■ **Assignment**:
Of all the entries below, retype only the lines from the one with "Natuurlijk moesten er" through the one with "Ταβέρνα Κατσεχάμου, 1962.", exactly as they appear.

═════ Data supplied

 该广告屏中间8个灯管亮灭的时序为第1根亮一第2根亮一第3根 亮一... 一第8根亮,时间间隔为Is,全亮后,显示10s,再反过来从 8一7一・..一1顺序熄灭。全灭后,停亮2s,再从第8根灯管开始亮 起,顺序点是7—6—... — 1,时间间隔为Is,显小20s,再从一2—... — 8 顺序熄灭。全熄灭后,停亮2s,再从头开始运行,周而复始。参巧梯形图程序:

══════════
═════ Data supplied

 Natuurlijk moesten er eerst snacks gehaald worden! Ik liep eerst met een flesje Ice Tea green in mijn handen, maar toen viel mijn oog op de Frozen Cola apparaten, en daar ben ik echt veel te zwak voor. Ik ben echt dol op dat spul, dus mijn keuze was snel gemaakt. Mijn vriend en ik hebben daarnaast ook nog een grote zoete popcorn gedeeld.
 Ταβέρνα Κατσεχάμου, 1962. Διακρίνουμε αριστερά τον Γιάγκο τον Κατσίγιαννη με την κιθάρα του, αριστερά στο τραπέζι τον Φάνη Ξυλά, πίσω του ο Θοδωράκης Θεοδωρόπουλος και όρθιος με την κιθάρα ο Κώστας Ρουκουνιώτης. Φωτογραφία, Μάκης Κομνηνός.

══════════

■ **Exercise output**:
 Natuurlijk moesten er eerst snacks gehaald worden! Ik liep eerst met een flesje Ice Tea green in mijn handen, maar toen viel mijn oog op de Frozen Cola apparaten, en daar ben ik echt veel te zwak voor. Ik ben echt dol op dat spul, dus mijn keuze was snel gemaakt. Mijn vriend en ik hebben daarnaast ook nog een grote zoete popcorn gedeeld.
 Ταβέρνα Κατσεχάμου, 1962. Διακρίνουμε αριστερά τον Γιάγκο τον Κατσίγιαννη με την κιθάρα του, αριστερά στο τραπέζι τον Φάνη Ξυλά, πίσω του ο Θοδωράκης Θεοδωρόπουλος και όρθιος με την κιθάρα ο Κώστας Ρουκουνιώτης. Φωτογραφία, Μάκης Κομνηνός.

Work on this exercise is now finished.